== Supplied records ==

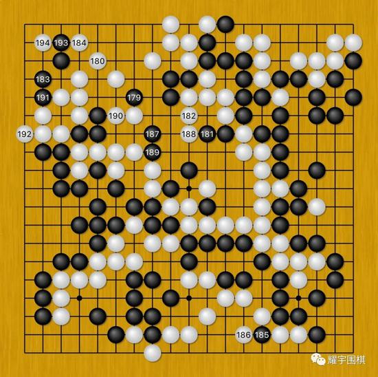 图10:马晓春从黑179开始,在白空里各种辗转腾挪,虽然马晓春是腾挪的高手,但是由于此地空间过于狭小,因此很难有所作为。
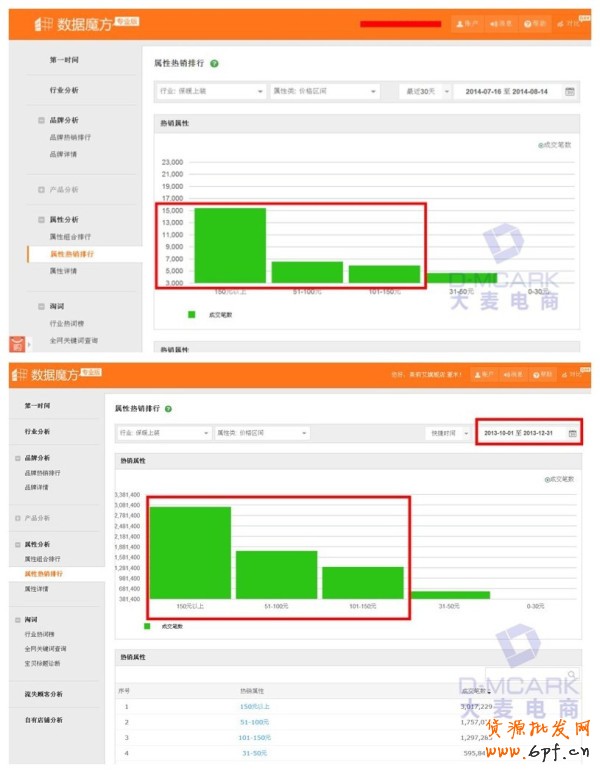 對寶貝類型基本定型后,寶貝其中一個關鍵的因素——價格,也是需要根據同期和最近的數據對比來分析總結得出。如下圖所示,保暖上衣去年同期(2013年10月~12月)一口價分布為150元以上占比最多,排第二是50元~100元這個區間,排第三是101~150元這個區間。而最近三十天的銷售數據來看,這個分布也是一致的。因此,建議店主可參考這些市場數據來推斷寶貝價格。但這里值得一提是,【數據魔方】這里顯示的價格是一口價,而非最終售賣價格,建議店主根據當時市場客觀真實情況和店鋪利潤比例,再定寶貝折后價或促銷價格。
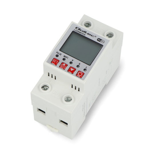 - Elektronické relé Qoltec WiFi na DIN lištu
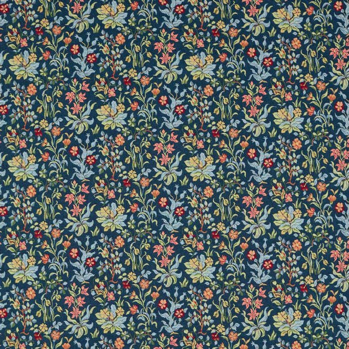 - Beguiling, jewel-like colours bring to life a startling array of meadow flowers set against a deep midnight indigo. A design of incredible detail and beauty, Flowers By May originally adorned the seat of a 17th century chair which once stood in the library of William Morris. Residing since his death in the home of his friend, neighbour and noted typographer, Sir Emery Walker, May Morris created the covered cushion with the dedication “MM to EW”. Flowers By May is a story about the creativity friendship can inspire, spanning even generations.
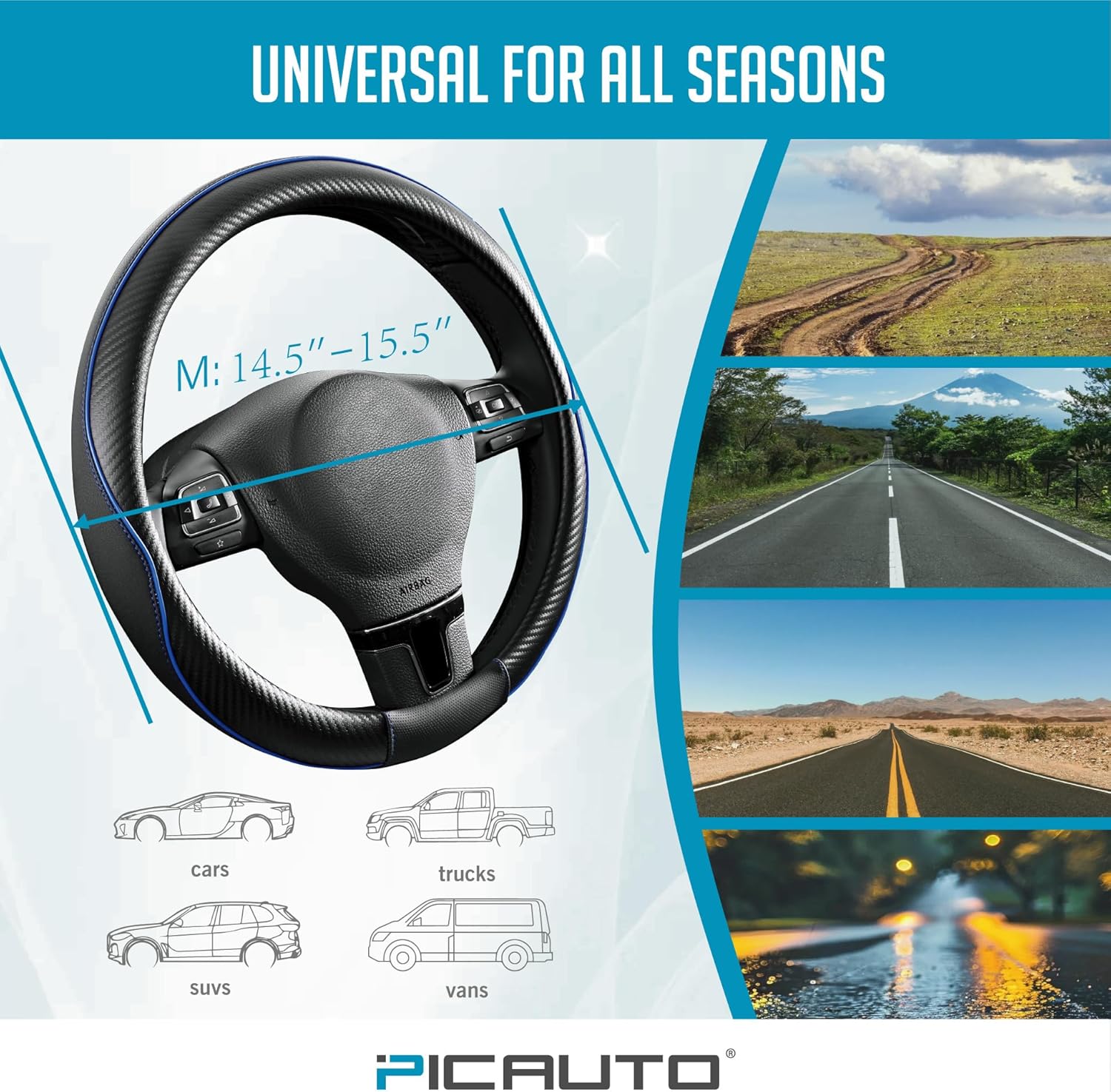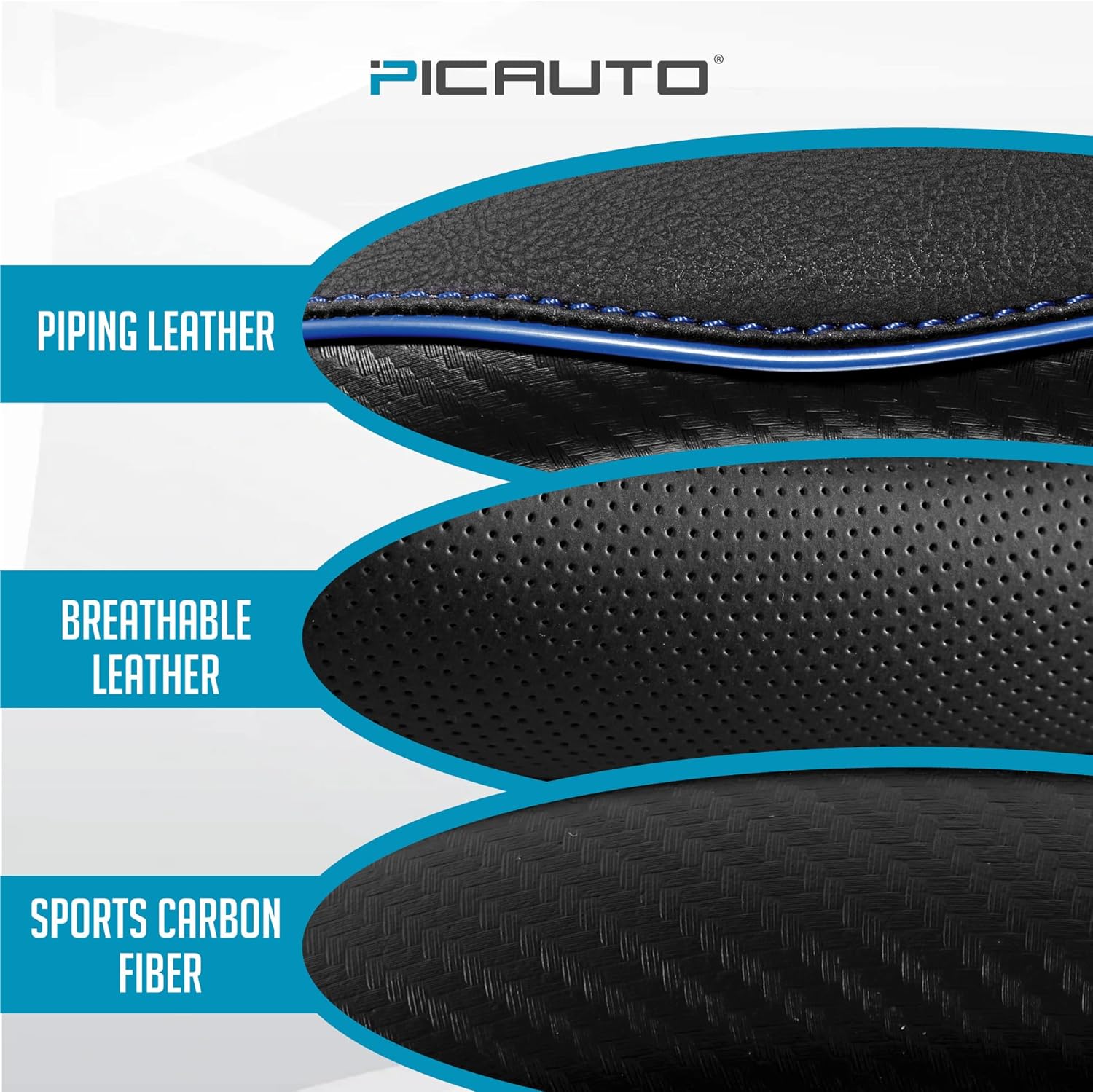 PIC AUTO Steering Wheel Cover, Blue Piping Leather, Sports Carbon Fiber and Super Breathable Leather, Universal 14.5-15.5 Inch Anti-Slip Steering Wheels Accessories for Men & Women

===

* _Task details_
Take the material above from the line bearing "- Elektronické relé Qoltec WiFi na DIN lištu" through the line bearing "- Beguiling, jewel-like" and write it out exactly, both end lines included. Pictures stay out.

* _Task result_
 - Elektronické relé Qoltec WiFi na DIN lištu
 - Beguiling, jewel-like colours bring to life a startling array of meadow flowers set against a deep midnight indigo. A design of incredible detail and beauty, Flowers By May originally adorned the seat of a 17th century chair which once stood in the library of William Morris. Residing since his death in the home of his friend, neighbour and noted typographer, Sir Emery Walker, May Morris created the covered cushion with the dedication “MM to EW”. Flowers By May is a story about the creativity friendship can inspire, spanning even generations.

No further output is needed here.